• **Exercise description**
Reproduce exactly the lines from the one containing "Когда в доме" through the end of the listing, minus the pictures.

== Dataset section

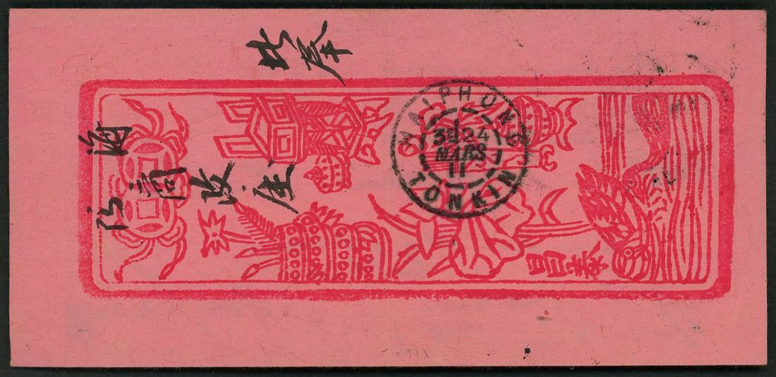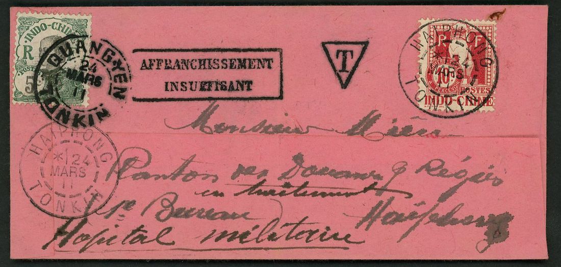 1911 envelope addressed to Haiphong bearing French Indo-China 5c and tied by 'Quangyen/Tonkin' double ring with triangular 'T' hand-stamp with framed 'Affranchissement Insuffisant' instructional on face and bearing French Indo-China postage due 10c tied by Haiphong/ Tonkin on face.Fine.
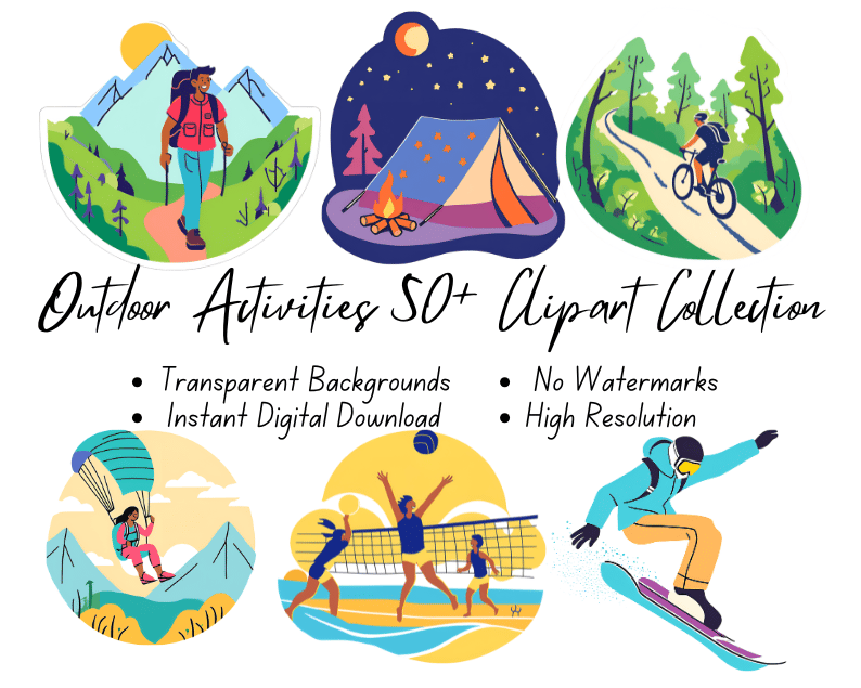 Outdoor Activities 50+ Clipart Collection | High-Resolution Digital Printables | Instant Download | No Watermark
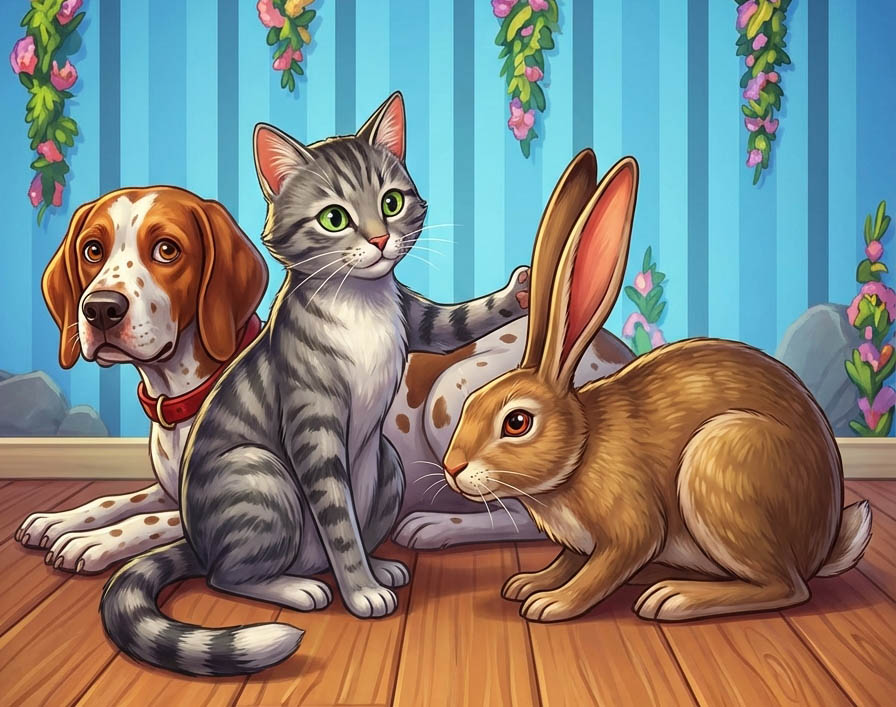 Когда в доме появился заяц, Иваныч на него не обратил никакого внимания, а Джек сначала немножко покосился, но скоро тоже привык. Потом все трое очень подружились.
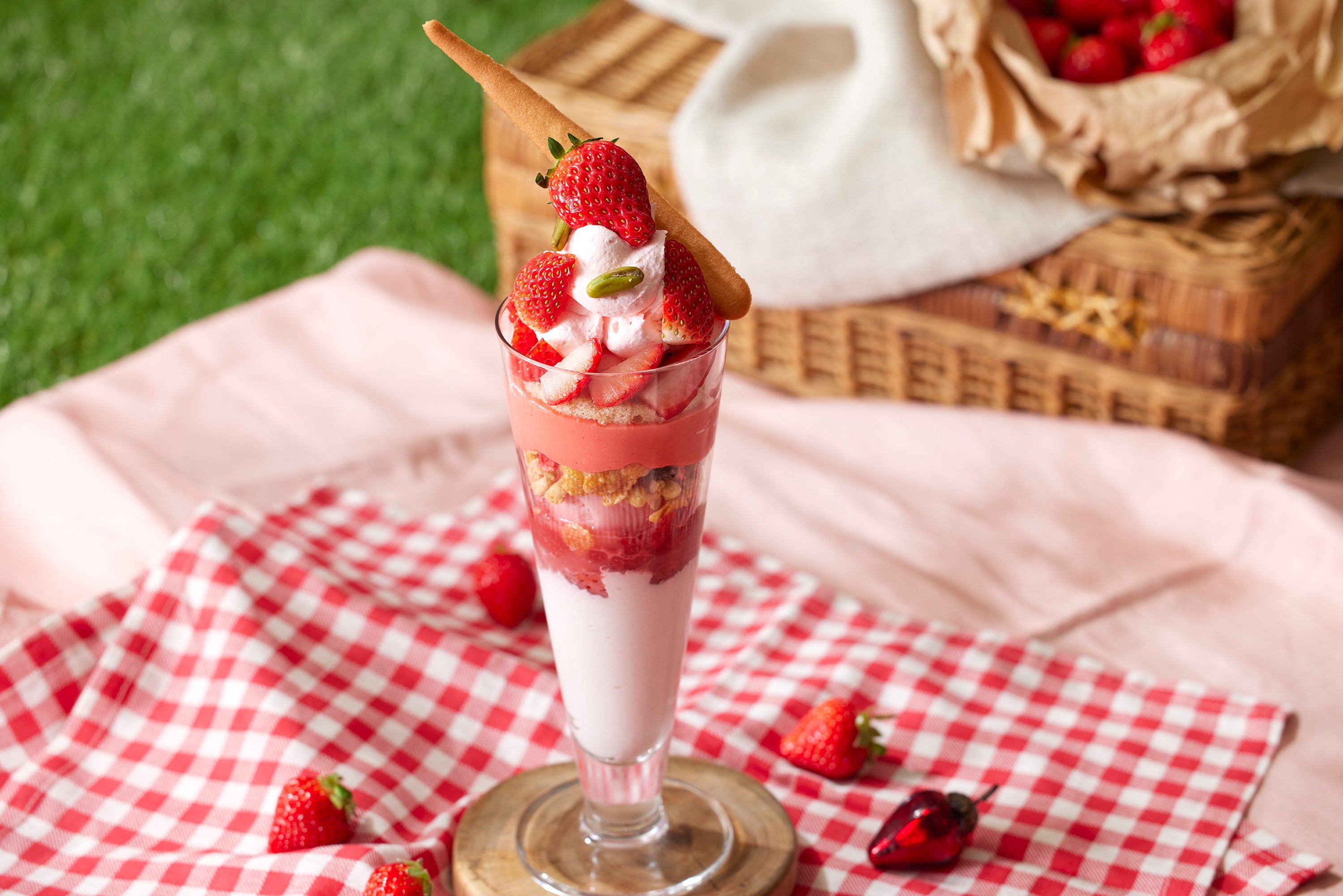 アフタヌーンティーセットと時期を同じくして、いちご×レッドをテーマとしたパフェが期間限定で登場します。いちごアイスやいちごのパンナコッタ、いちごゼリーを重ね、トップにはフレッシュないちごを贅沢に敷き詰めました。多様にアレンジしたいちごの味わいをお楽しみいただける、いちご尽くしのご褒美パフェです。

====

• **Written answer**
 Когда в доме появился заяц, Иваныч на него не обратил никакого внимания, а Джек сначала немножко покосился, но скоро тоже привык. Потом все трое очень подружились.
 アフタヌーンティーセットと時期を同じくして、いちご×レッドをテーマとしたパフェが期間限定で登場します。いちごアイスやいちごのパンナコッタ、いちごゼリーを重ね、トップにはフレッシュないちごを贅沢に敷き詰めました。多様にアレンジしたいちごの味わいをお楽しみいただける、いちご尽くしのご褒美パフェです。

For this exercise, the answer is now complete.